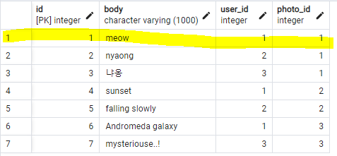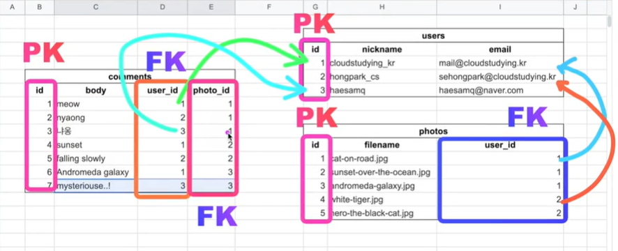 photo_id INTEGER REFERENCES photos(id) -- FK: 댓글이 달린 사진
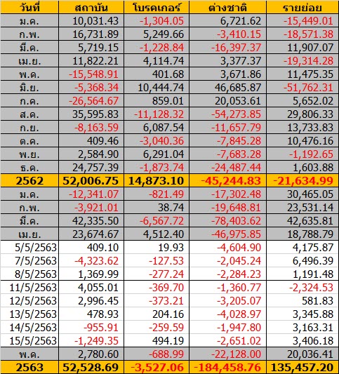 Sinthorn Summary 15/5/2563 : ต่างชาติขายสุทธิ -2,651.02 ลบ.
...
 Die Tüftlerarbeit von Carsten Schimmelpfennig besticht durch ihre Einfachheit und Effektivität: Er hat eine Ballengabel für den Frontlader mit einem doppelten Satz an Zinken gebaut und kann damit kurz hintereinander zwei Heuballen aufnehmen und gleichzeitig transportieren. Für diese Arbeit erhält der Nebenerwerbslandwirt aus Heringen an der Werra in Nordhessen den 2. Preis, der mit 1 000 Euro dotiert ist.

What to produce: Nothing but the lines above from the one that has "photo_id INTEGER REFERENCES" down to the one that has "Sinthorn Summary 15/5/2563" belongs in the answer, copied exactly, without pictures.

Answer for the task:
 photo_id INTEGER REFERENCES photos(id) -- FK: 댓글이 달린 사진
 Sinthorn Summary 15/5/2563 : ต่างชาติขายสุทธิ -2,651.02 ลบ.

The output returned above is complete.